C’est ce que Saïed a rappelé lors de son entretien vendredi 9 août 2024, au Palais de Carthage, avec le nouveau chef du gouvernement, en soulignant l’importance d’accélérer la finalisation du projet d’amendement de certaines dispositions du code du travail pour mettre définitivement fin à la sous-traitance et aux contrats de travail à durée déterminée, pratiques auxquelles recourt couramment le secteur public, c’est-à-dire l’Etat.

Selon un communiqué de la présidence de la république, le chef de l’Etat a estimé que les «dispositions encore en vigueur s’élèvent au rang de crimes de traite des êtres humains», soulignant «la nécessité de mettre fin à la sous-traitance dans le secteur public, instaurée par de simples circulaires qui ont porté atteinte aux droits fondamentaux des travailleurs».

Les dirigeants de l’Union générale tunisienne du travail (UGTT), la puissante centrale syndicale aujourd’hui en perte d’influence, n’ont donc qu’à aller se rhabiller : c’est le chef de l’Etat lui-même qui s’approprie désormais leurs revendications et épouse une posture clairement contestatrice.
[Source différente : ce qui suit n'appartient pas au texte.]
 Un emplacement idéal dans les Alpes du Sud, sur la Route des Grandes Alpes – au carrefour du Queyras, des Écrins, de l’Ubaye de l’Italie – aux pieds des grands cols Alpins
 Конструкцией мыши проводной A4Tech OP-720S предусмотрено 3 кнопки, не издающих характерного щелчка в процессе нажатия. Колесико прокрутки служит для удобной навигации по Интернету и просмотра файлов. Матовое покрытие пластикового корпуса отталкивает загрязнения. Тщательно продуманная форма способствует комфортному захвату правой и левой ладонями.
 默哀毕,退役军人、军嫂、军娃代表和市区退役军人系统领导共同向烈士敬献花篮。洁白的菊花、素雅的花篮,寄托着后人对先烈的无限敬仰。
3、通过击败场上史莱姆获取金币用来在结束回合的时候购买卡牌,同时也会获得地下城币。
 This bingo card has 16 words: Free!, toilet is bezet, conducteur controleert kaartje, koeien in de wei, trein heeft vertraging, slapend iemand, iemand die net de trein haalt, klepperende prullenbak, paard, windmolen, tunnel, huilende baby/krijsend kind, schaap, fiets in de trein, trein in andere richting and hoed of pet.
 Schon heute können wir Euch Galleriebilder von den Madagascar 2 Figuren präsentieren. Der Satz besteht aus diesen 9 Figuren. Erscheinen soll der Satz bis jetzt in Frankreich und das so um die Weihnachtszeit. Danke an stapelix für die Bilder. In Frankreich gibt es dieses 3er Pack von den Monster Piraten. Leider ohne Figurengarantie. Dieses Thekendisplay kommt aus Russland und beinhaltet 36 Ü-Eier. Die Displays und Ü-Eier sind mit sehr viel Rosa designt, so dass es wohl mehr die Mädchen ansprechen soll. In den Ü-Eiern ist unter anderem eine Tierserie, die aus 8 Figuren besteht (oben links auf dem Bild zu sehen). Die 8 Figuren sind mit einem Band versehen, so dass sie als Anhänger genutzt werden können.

Un président contre l’Etat, ça ne s’est jamais vu auparavant. Mais Saïed, qui se donne pour mission d’assainir l’Etat et de libérer l’administration publique de l’influence néfaste des groupes d’intérêts, et de les débarrasser, et l’Etat et l’administration, de l’emprise du libéralisme sauvage, est en train de l’inventer cet Etat qui s’auto-conteste et assume, à la fois, le pouvoir et l’opposition. D’ailleurs, cette dernière, presque anéantie, ses principaux dirigeants étant en prison, est actuellement assumée par le chef de l’Etat en personne. L’homme du changement, c’est lui. Il continue de guerroyer contre un «Etat profond» récalcitrant, conservateur et qui cherche à retarder la mise en place du modèle socio-économique égalitariste et socialisant défendu par le guide-président.
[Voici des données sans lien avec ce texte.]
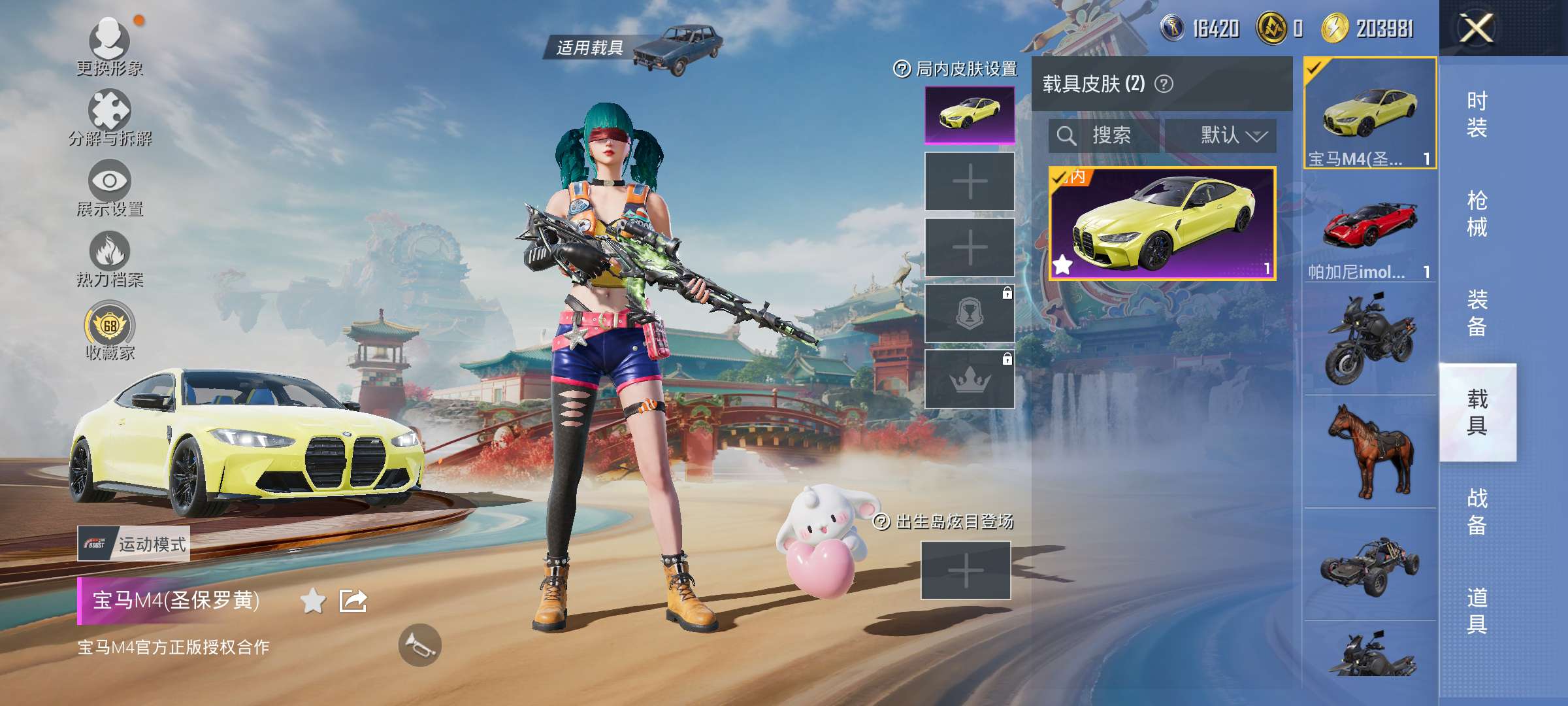 有两辆车,一辆宝马m4,一辆帕加尼。5套粉装,8把特效枪

… en commençant par l’éducation nationale

En passant sans transition du code du travail au projet de texte relatif au Conseil supérieur de l’éducation et de l’enseignement pour souligner la nécessité de le soumettre au plus vite au Conseil des ministres, le président de la république prouve encore une fois qu’il a de la suite dans les idées et qu’il ne lâche rien, car si la réforme sociale qu’il envisage à des chances de réussir malgré toutes les résistances, c’est dans ce secteur vital qu’elle doit être mise en œuvre en premier. Le ministère de l’Education n’est-il pas le plus gros employeur de travailleurs précaires, qui ne cessent de protester depuis plusieurs années contre un gouvernement indifférent à leurs revendications ?     

«Le secteur de l’éducation et de l’enseignement est un secteur de souveraineté», a lancé Saïed. «Il n’y a pas d’avenir sans un enseignement public et une éducation nationale», a-t-il indiqué, soulignant «l’importance de préserver le capital humain pour promouvoir et développer tous les secteurs».

Résumons-nous : Kamel Maddouri, s’il n’a pas encore de programme clair, sait qu’il a deux urgences. D’abord amender le code du travail pour mettre fin au travail précaire, puis accélérer la réforme du secteur éducatif. Mais ces deux réformes ont un coût élevé, ne fut-ce que pour intégrer les dizaines de milliers d’employés précaires du secteur public auxquels on a fait miroiter cette possibilité.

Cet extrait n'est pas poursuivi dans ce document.